**Data shown**
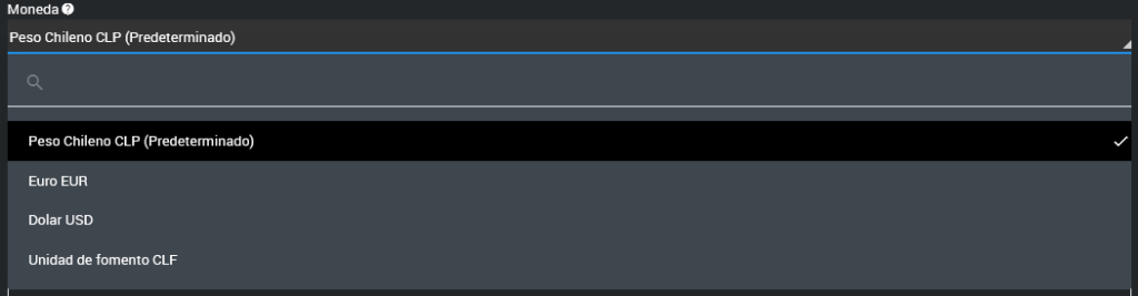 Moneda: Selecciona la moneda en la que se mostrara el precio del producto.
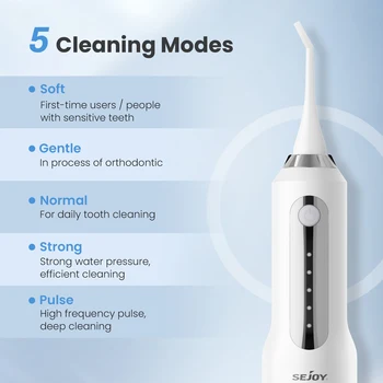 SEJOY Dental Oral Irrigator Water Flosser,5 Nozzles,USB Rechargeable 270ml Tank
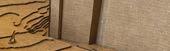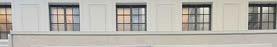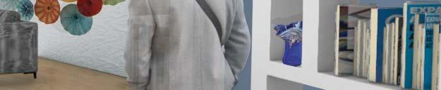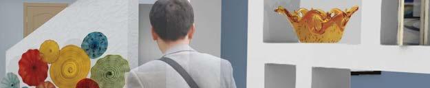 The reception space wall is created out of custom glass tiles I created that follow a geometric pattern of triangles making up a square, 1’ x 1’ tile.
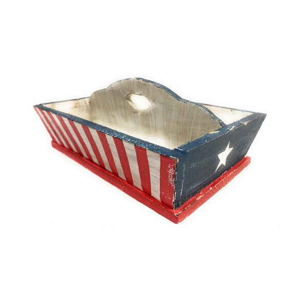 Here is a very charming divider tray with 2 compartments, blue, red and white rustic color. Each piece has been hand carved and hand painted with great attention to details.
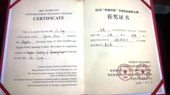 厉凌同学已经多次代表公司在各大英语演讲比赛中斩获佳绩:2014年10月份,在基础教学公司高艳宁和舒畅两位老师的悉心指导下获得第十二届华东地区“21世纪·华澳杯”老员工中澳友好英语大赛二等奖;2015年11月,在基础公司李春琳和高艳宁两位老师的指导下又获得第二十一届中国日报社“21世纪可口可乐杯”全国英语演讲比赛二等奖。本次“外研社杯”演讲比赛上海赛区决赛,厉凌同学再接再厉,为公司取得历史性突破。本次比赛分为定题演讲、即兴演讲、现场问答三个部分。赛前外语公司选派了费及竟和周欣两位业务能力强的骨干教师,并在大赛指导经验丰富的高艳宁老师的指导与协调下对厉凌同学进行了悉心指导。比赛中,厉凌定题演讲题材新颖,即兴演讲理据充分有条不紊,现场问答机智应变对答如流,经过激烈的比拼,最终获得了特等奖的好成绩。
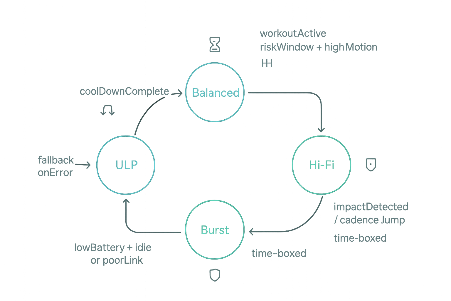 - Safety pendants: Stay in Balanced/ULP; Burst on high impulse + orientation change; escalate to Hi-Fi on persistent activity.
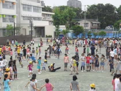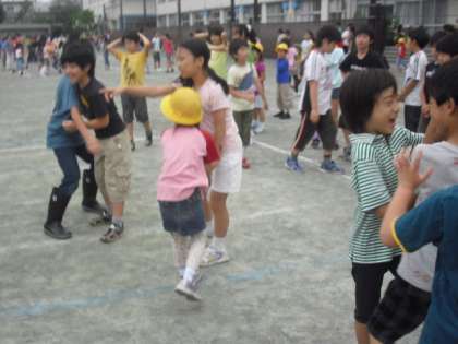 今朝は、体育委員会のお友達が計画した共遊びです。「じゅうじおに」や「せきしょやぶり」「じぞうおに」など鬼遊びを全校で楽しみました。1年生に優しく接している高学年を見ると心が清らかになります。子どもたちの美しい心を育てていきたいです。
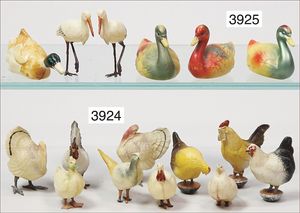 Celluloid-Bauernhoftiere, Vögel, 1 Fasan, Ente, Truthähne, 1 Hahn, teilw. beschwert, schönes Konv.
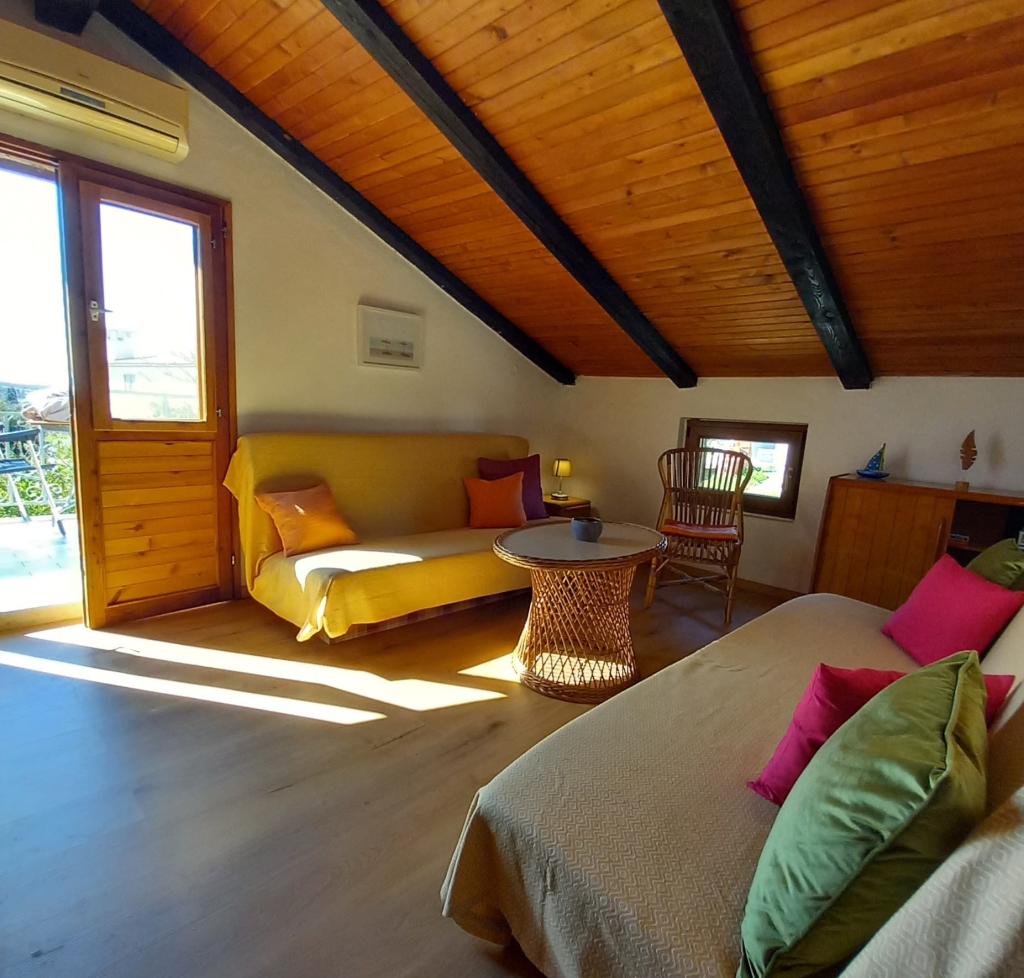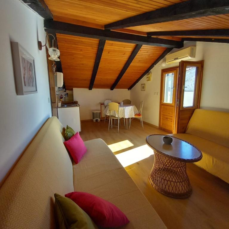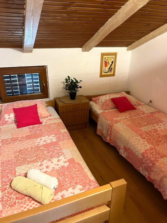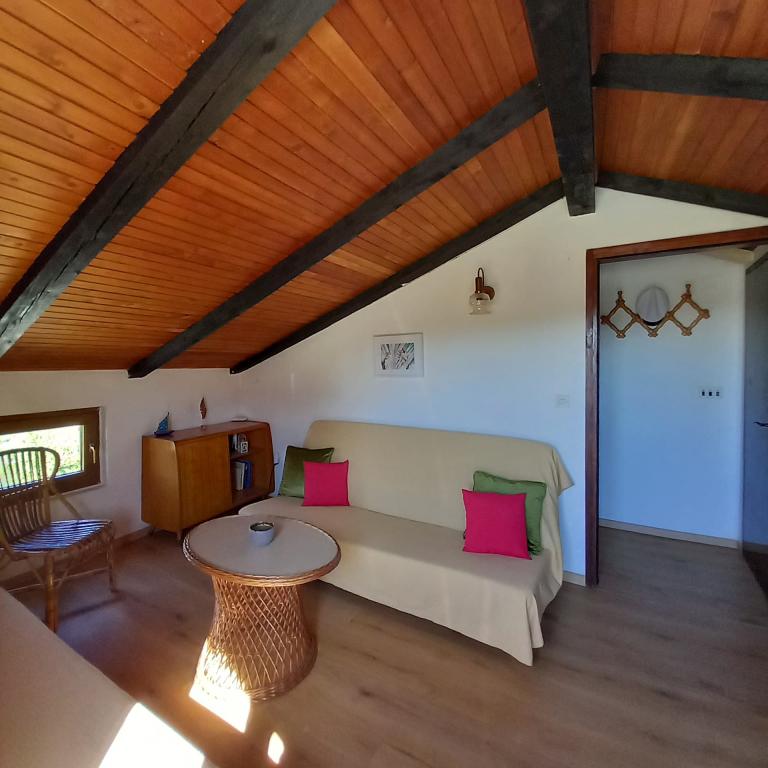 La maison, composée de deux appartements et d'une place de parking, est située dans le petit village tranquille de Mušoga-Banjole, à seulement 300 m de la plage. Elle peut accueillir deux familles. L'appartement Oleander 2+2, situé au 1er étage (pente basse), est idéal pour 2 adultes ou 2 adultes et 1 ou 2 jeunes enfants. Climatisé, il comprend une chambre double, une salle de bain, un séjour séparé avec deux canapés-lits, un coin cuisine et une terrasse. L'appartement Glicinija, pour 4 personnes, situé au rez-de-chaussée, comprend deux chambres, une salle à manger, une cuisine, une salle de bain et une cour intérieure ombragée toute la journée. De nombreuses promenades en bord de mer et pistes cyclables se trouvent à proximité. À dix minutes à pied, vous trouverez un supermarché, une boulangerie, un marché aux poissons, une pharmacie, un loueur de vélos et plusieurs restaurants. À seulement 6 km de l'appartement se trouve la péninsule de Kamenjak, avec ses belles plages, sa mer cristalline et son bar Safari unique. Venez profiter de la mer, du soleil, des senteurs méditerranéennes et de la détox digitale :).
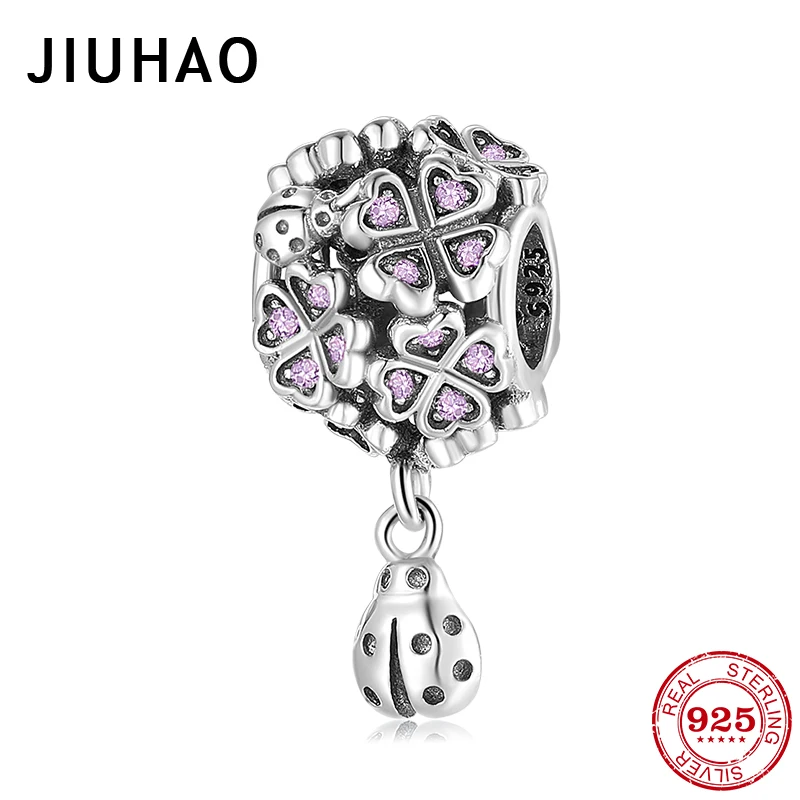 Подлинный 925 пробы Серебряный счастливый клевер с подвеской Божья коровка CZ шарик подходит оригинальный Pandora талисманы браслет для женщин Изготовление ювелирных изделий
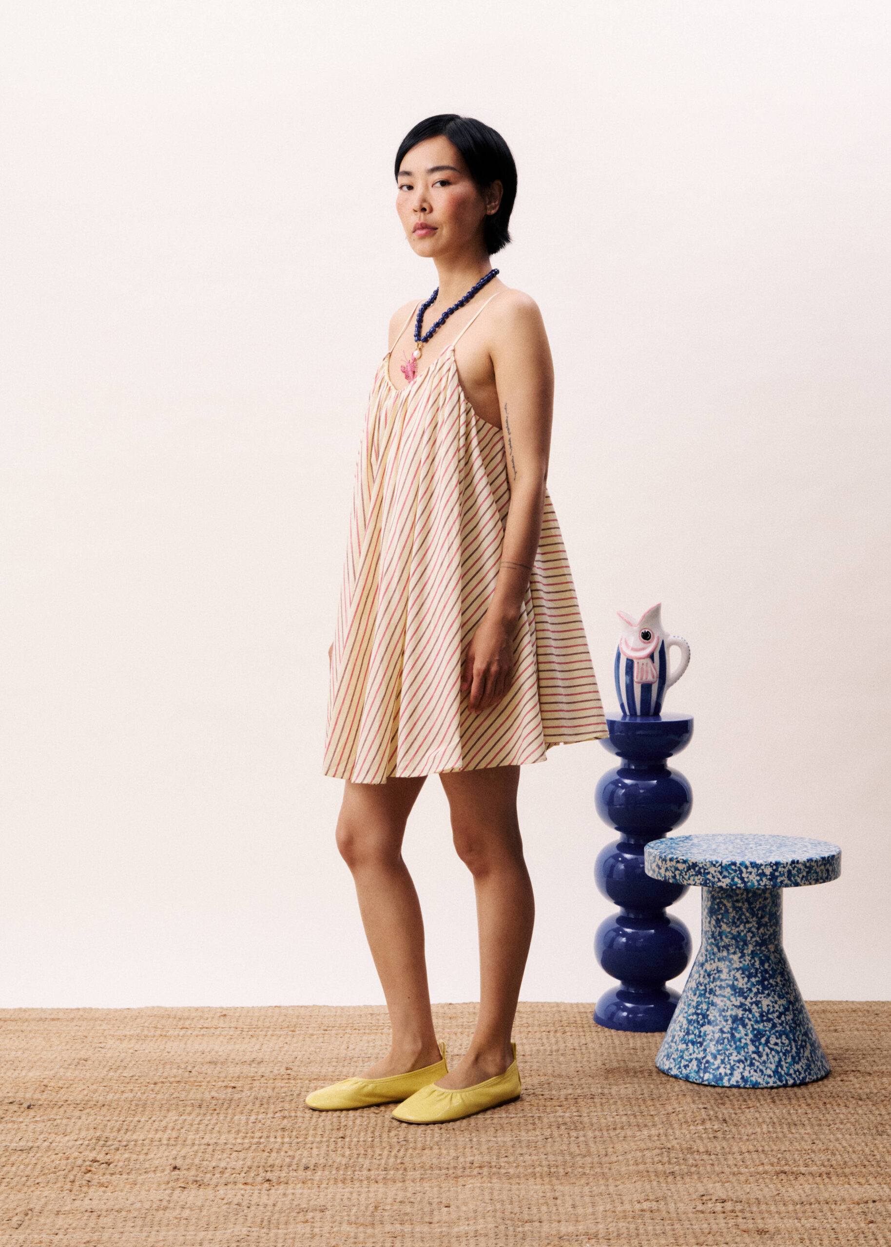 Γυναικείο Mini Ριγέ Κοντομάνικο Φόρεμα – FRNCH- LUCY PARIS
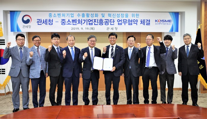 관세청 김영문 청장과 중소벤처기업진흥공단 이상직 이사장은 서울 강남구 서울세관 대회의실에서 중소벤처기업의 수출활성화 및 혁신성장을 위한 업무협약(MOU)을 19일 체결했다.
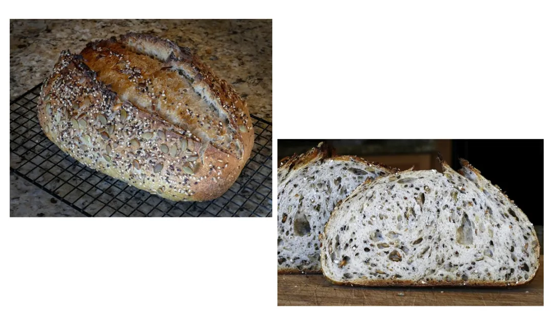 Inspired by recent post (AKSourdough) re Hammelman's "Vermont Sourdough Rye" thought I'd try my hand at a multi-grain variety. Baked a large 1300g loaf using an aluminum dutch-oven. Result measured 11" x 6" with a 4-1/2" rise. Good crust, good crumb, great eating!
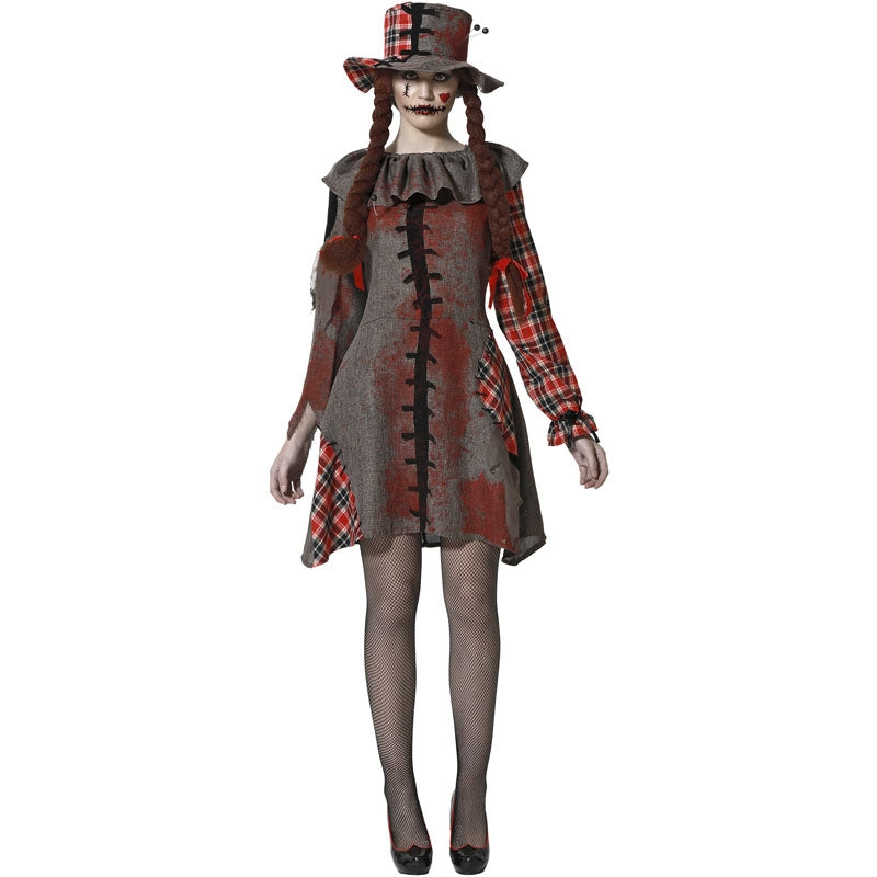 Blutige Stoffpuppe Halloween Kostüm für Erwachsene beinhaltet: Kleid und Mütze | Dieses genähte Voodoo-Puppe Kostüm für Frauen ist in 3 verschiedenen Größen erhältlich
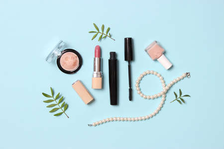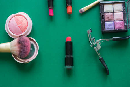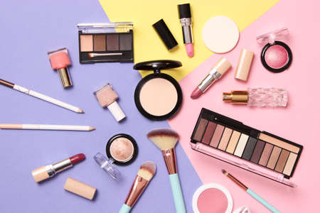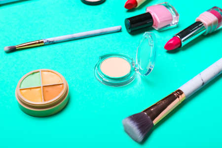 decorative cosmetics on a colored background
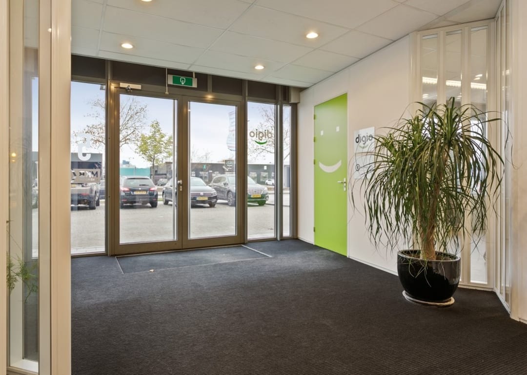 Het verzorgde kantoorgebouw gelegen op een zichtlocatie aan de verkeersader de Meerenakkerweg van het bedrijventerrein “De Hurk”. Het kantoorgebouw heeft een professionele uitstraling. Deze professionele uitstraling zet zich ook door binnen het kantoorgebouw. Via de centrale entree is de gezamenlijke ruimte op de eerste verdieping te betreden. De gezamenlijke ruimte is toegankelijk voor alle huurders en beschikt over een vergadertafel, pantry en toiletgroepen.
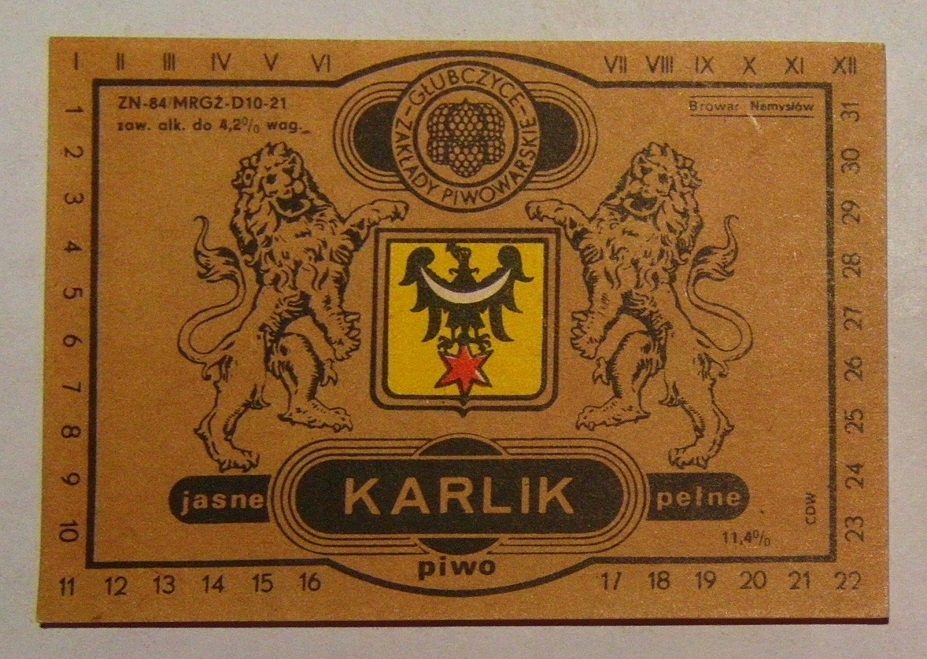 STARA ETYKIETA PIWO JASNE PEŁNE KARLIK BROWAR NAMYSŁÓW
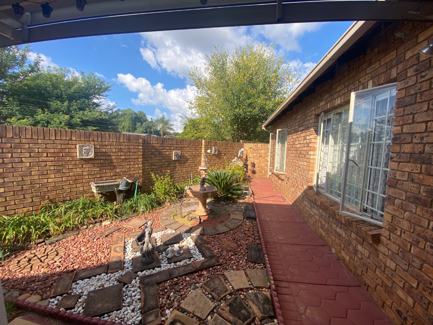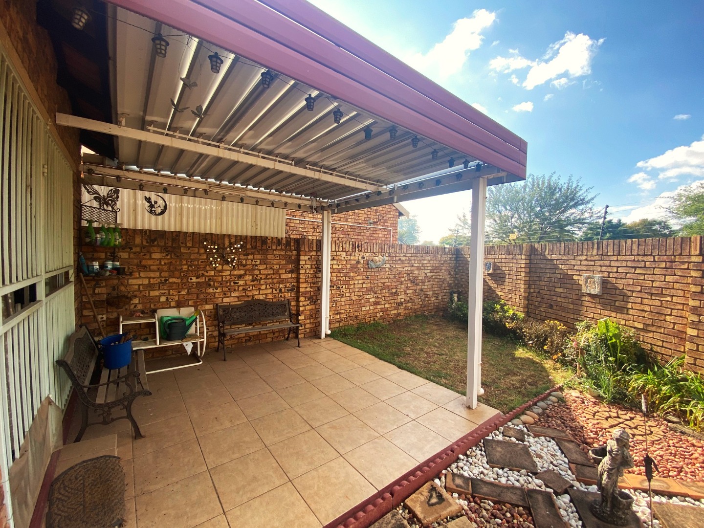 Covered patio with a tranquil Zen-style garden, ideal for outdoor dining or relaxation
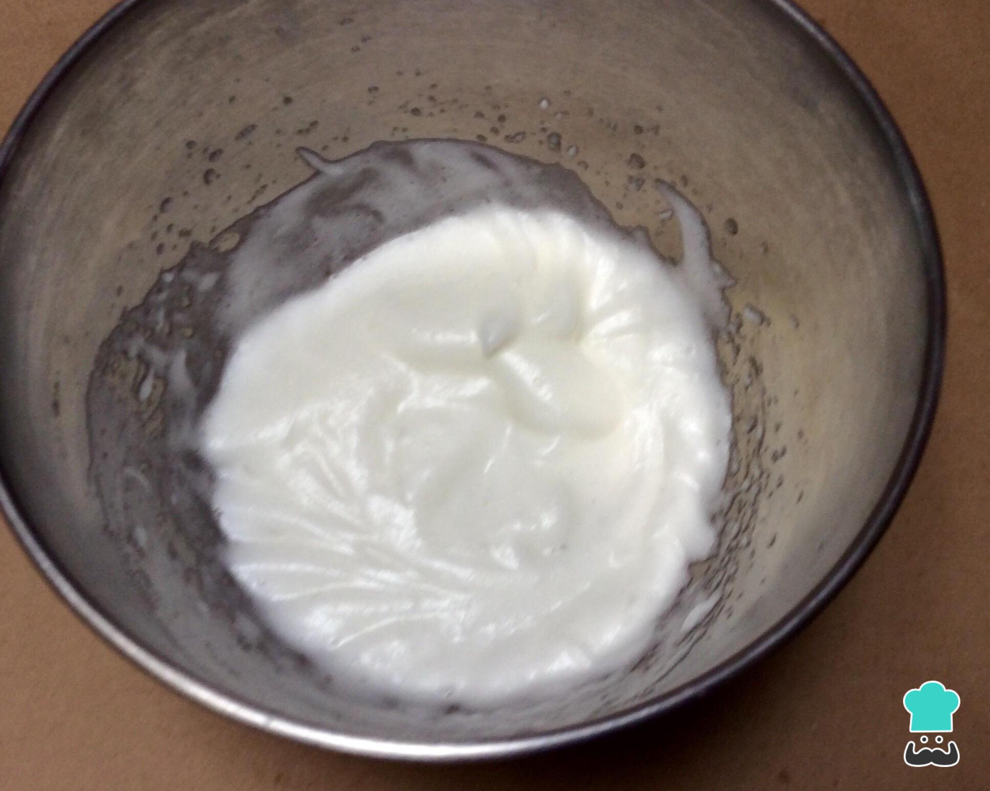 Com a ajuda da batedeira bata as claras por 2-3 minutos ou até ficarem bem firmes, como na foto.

**Assignment**
With all pictures left out, please transcribe exactly the lines from the start of the material through the line with "SEJOY Dental Oral".

**Solution for this exercise**
 Moneda: Selecciona la moneda en la que se mostrara el precio del producto.
 SEJOY Dental Oral Irrigator Water Flosser,5 Nozzles,USB Rechargeable 270ml Tank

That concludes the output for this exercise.